かなり長いこと、具体的に言えば15年以上もの間、私は株式投資に前のめりにはなれなかった。勿論、小さいな波はあったし、またリーマン・ショックの直後のような時は、所謂「リスク資産がすべて割安すぎる」という感覚から「買い」だと思ったことはあったが、基本的には「弱気の中の強気」の域を出ることは殆ど無かった。

 

ただその私をして「株は今が買い」と言えるわけは、長いこと資産運用ビジネスに関わってきて、何度かしか経験したことが無い「未来へのワクワク感」があるからだ。「今」と言っても、それは今来週中とか、この数か月というような短い単位の話では無く、もっと長いタームの話だ。

 

90年バブルの時は、実は「未来へのワクワク感」など無く、ただ「上がるから買う、買うから上がる」という世界の中に放り込まれてファンドマネージャーを務めていただけ。

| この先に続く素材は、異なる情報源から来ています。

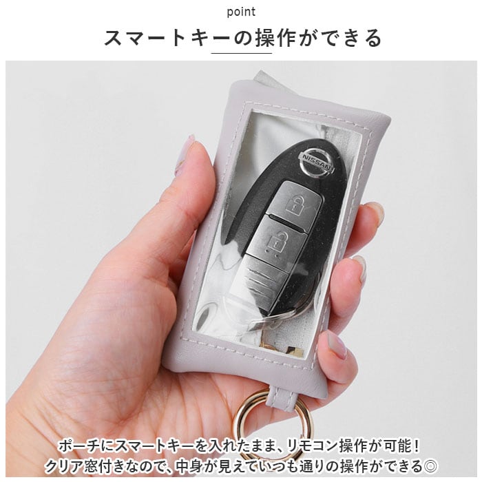 ・ポーチにスマートキーを入れたまま、リモコン操作が可能!クリア窓付きなので、中身が見えていつも通りの操作ができる◎
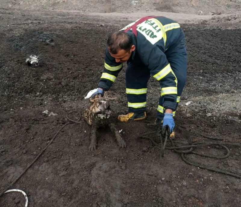 Adıyaman’ın eski çöplük alanında balçıkta mahsur kalan 3 köpek itfaiye ekipleri tarafından kurtarıldı.
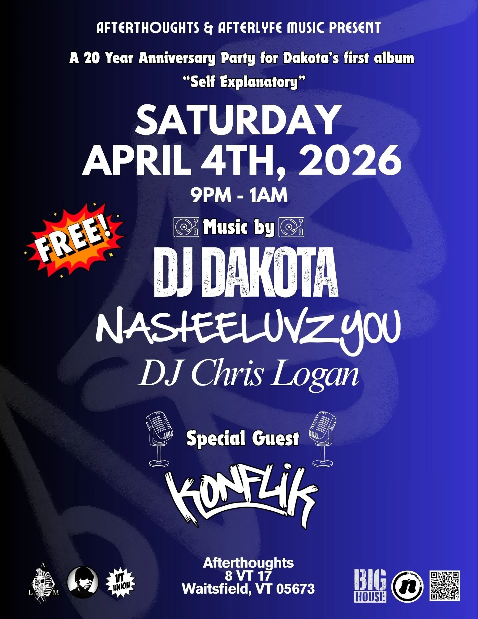 DJ DAKOTA ‘Self Explanatory’ 20 yr Album Anniversary Party Saturday, April 4, 2026 9:00 PM Sunday, April 5, 2026 1:00 AM Google Calendar ICS
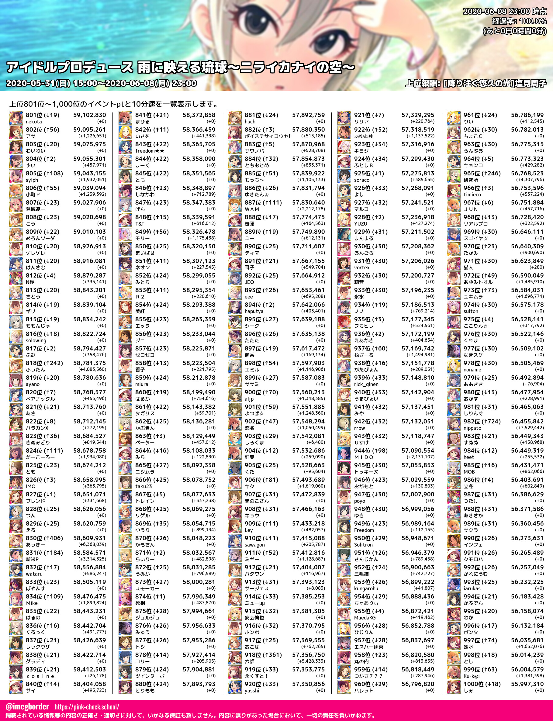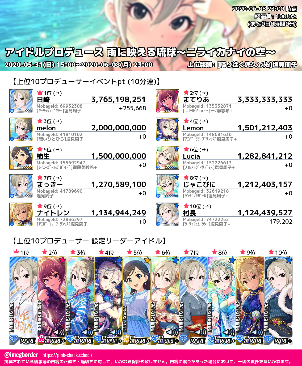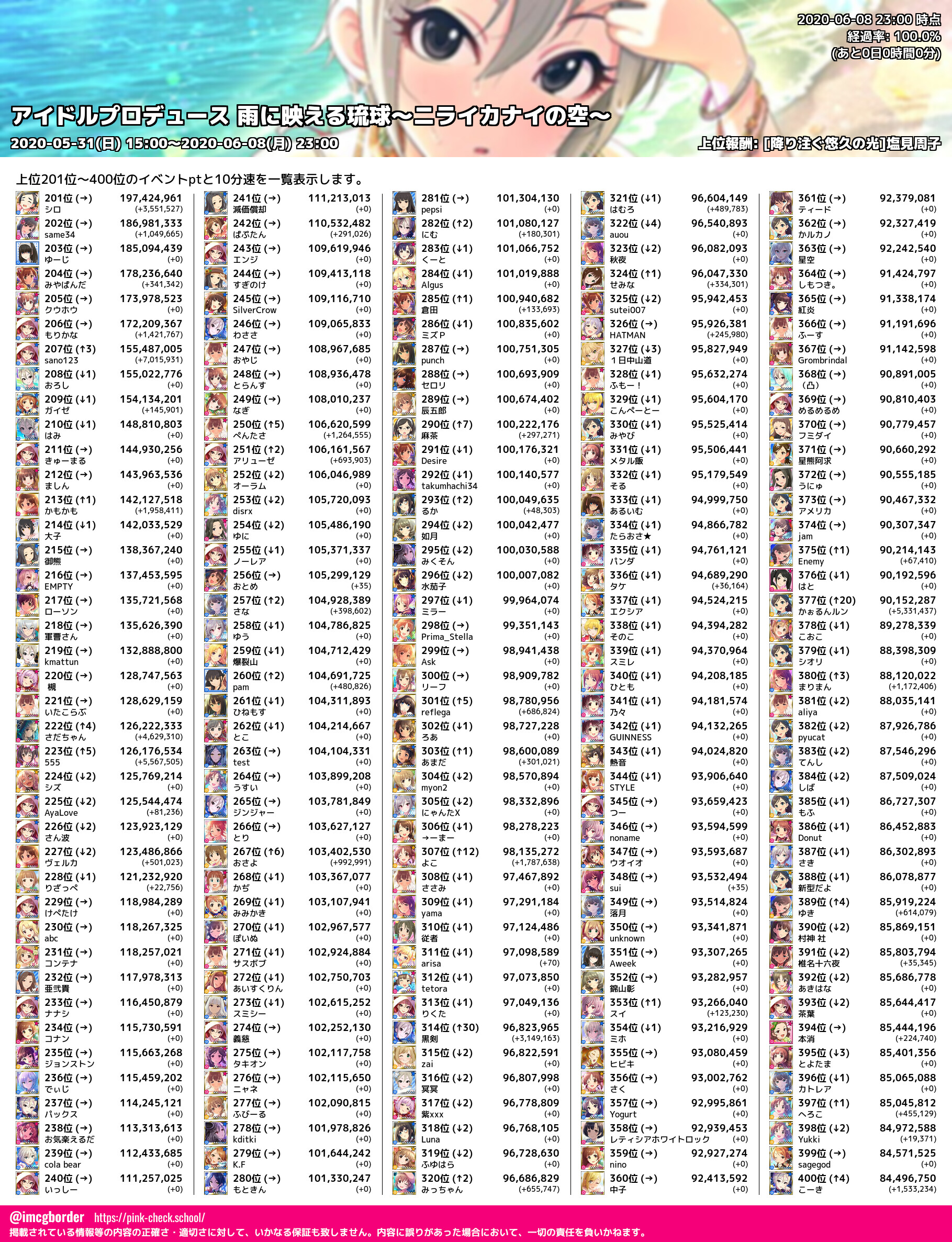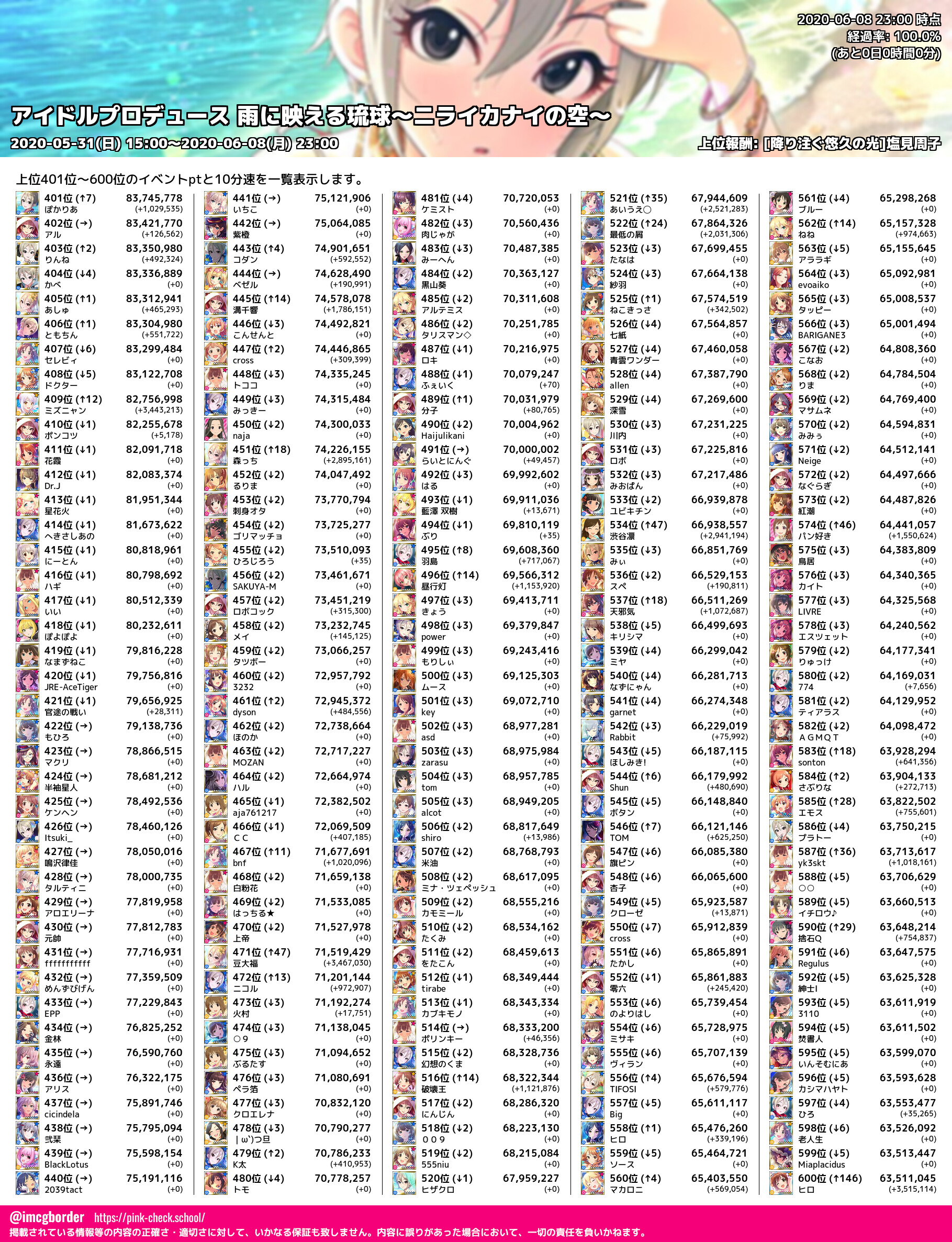 上位プロデューサースコア (2020-06-08 23:00 時点)
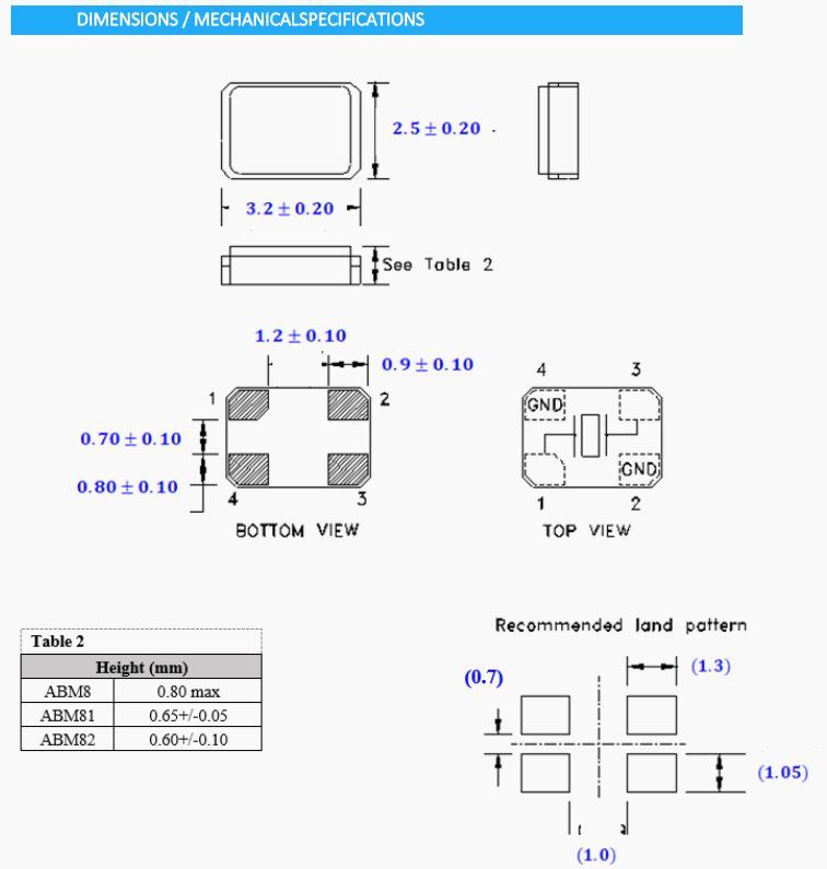 | 編碼 | 品牌 | 型號 | 頻率 | 頻率穩定度 | 頻率容差 | 負載電容 |
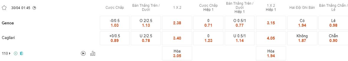 Soi kèo hiệp 1 Genoa vs Cagliari
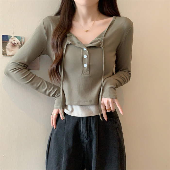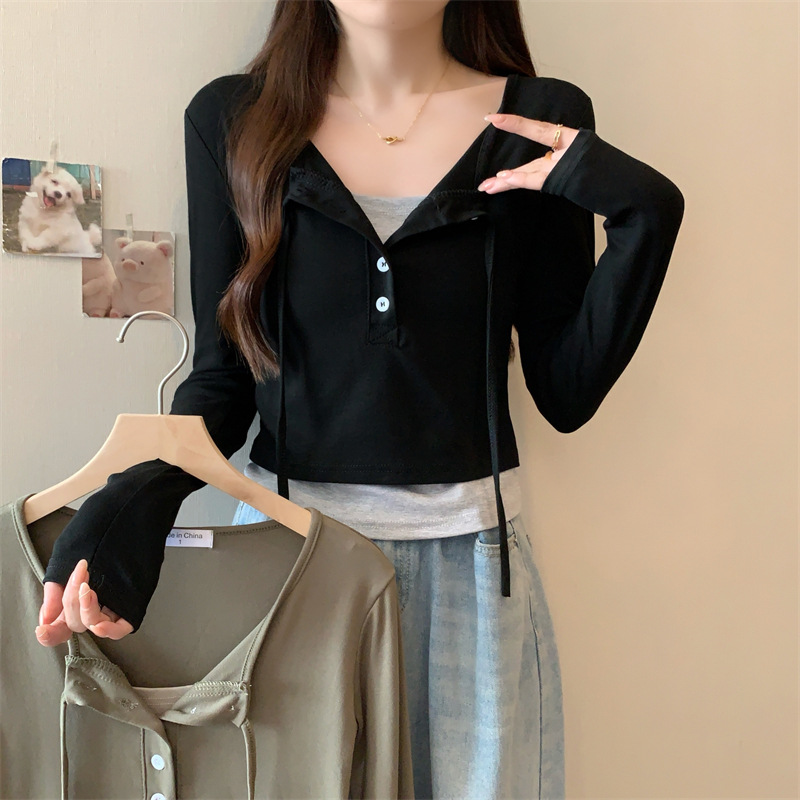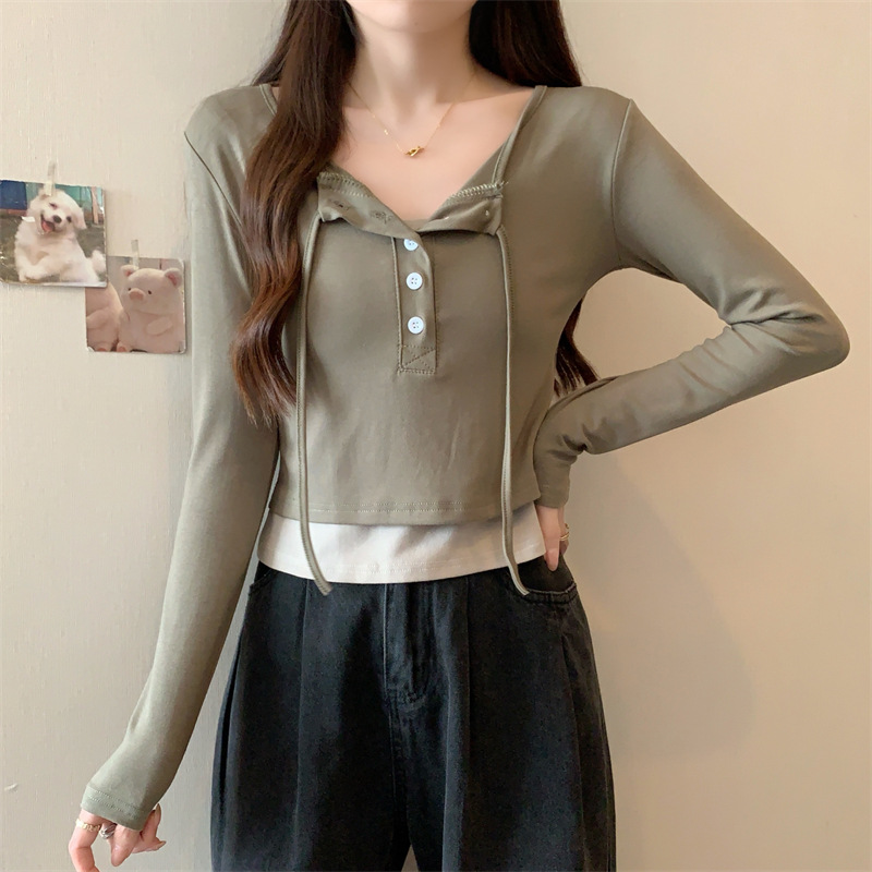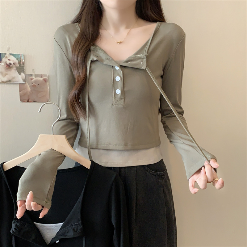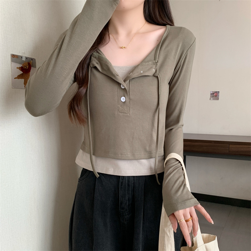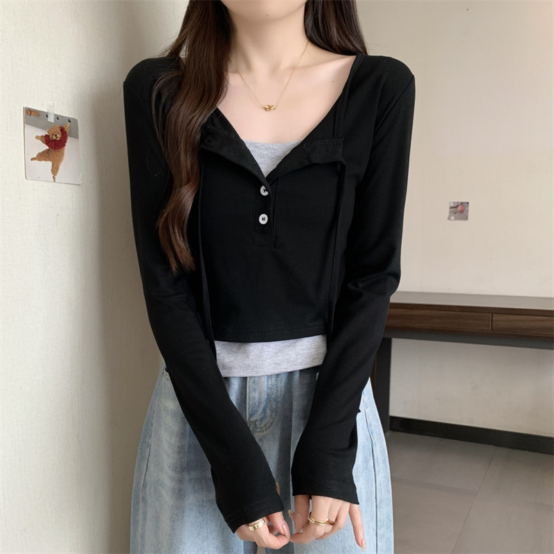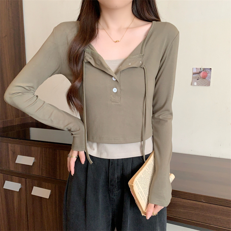틈새 디자인 센스 패션 스티칭 가짜 투피스 긴팔 티셔츠 여성 가을 새로운 슬림 핏 슬리밍 쇼트 탑인
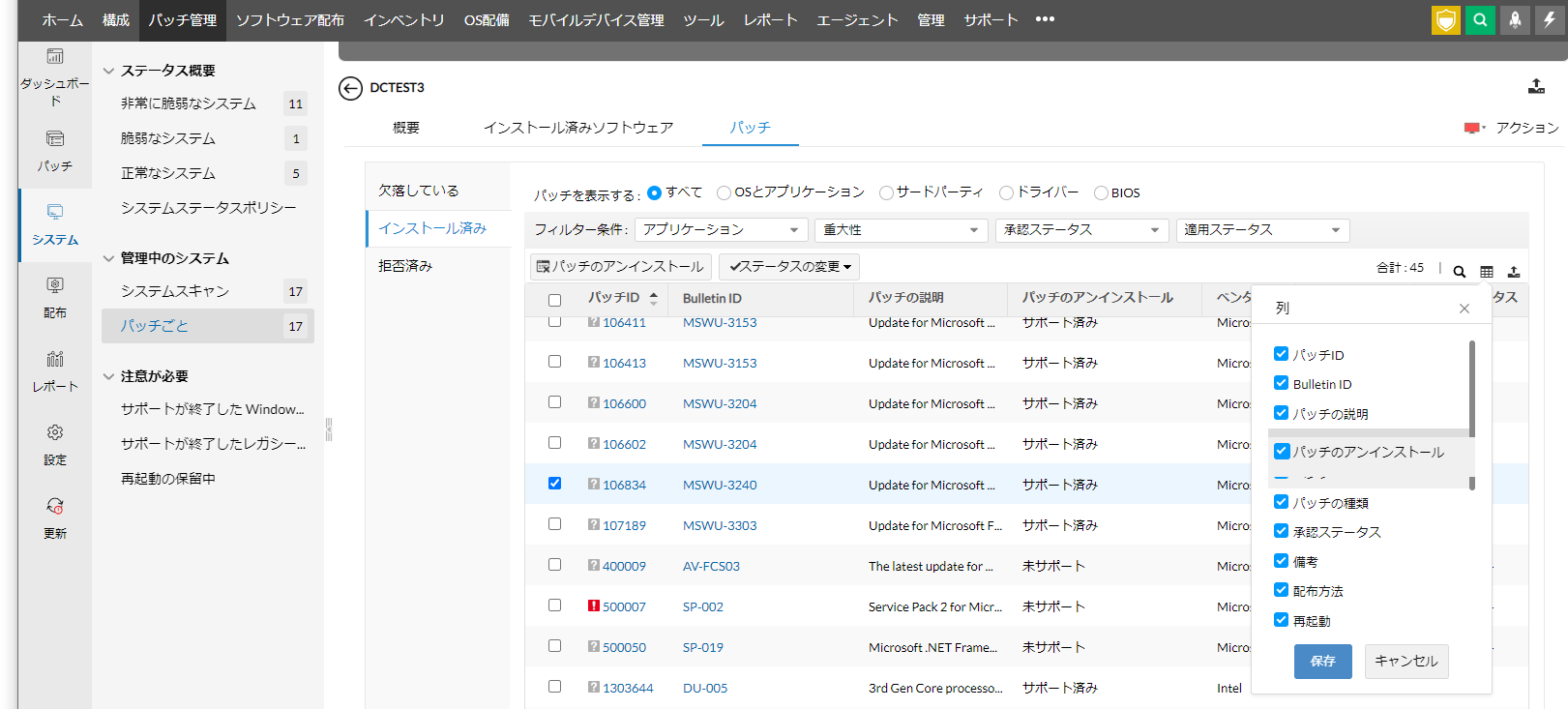 (参考Q&A:「パッチをある1台の端末に配布し、無事インストールに成功しましたが、パッチ管理タブ > パッチ > インストール済みパッチ に表示されません。」) - アンインストールしたいパッチに関して、そのパッチがアンインストールに対応していることを確認します(アンインストールの可否は、各パッチのベンダーが定めた仕様に基づきます)。リスト上で「パッチのアンインストール」列が「サポート済み」と表示されている場合、そのパッチはアンインストールが可能です。

当然その後、バブル崩壊が起こってしまった。

 

最初にワクワク感を感じたのはInternet ExplorerをバンドルしたWindows98がマイクロソフトから発売された頃だ。当然それ以前からインターネットは始まっていたが、それはパソコン通信の延長線上のようなものだった。でもやっとそれがマニアの間だけのものでなく、多くの普通の人が使うようなものとなり、実際に多くのWebページが誕生し、電子メールが始まり、また検索エンジンによって「これで百科事典は要らなくなるな」と知識を世界中から自由に得られるようになったなと思えた頃だ。地球上から「物理的な距離と、時差と、国境がなくる」と感じられた頃だ。

 

その流れは間違いないもので、やがて情報通信革命と呼ばれて世の中の仕組みそのものを大きく変えていった。携帯の登場やスマホの誕生などもその流れの延長線上だが、実は時々投資対象を探す作業に「飽き」を感じたし、出てくる新しい技術にもワクワク感は無く、「○○の延長線上のものだな」とか、「あの不具合や不満を解消しただけだな」という小さな変化に納まるようになった。職業として銘柄探しは延々と続いていたが・・・・。

 

その間にITバブルはやはり崩壊し、金融ショックや地政学的リスクなどと呼ばれるものの具現化で、株式市場は予想通り、何度も上下に大きく振らされた。でもその都度、2番煎じ、3番煎じのようなものに、大仰な理由をつけては「買いだ」と思うようにもしてきた。

 

しかし、Windows98の誕生から約20年が過ぎ、その延長線上にあるものに「飽き」を禁じ得ないで過ごした長い時が終わり、今、再びとても「未来へのワクワク感」を感じる流れが萌芽し始めていることを実感している。だから「株は今が買い」だと素直に思ってしまう。

 

それを裏付けるものが、次に掲げる3つの右肩上がりのビジネストレンドだ。

 

注目の3つの右肩上がりのビジネストレンド

  1. 自動車のCASE
  2. G
  3. エッジコンピューティングやIoT

 

 

3つのビジネストレンドを掲げたが、一番大きな流れは「自動車のCASE」かも知れない。だがこれらが全てゴールに辿り着く頃、人々の生活は現代と再び大きく変わっているだろう。Windows98が登場してからの20年間で起こったことのように。

 

高齢化社会や労働人口の減少などと言った先進国社会問題も、これらのテクノロジーとそこから出てくる派生的な産物で、多くのことが解消に向かうだろう。介護問題などもそのひとつだ。

 

CASEの四つの要素のうち、どれが一番最初にゴールに辿り着くかはまだ誰にも分からない。何故なら、自動車の装置/装備に要求されるクオリティーは、民生電気のようにトラブルが起こったり、プログラムにバグがあったりすれば、それは人命に関わるからだ。「再起動してください」と言うレベルの品質では駄目だからだ。

 

でも、こうした「未来へのワクワク感」がある時こそ、株式投資が面白くなり、投資で収益を大きく上げるチャンスだ。時間軸もかなり長いものになるだろう。

 

今もし現役でファンドマネージャーをしていたら、20年振りに訪れたこの「ワクワク感」に狂喜乱舞しながら、時間を忘れて投資活動をしていただろうにと、残念に思う今日この頃である。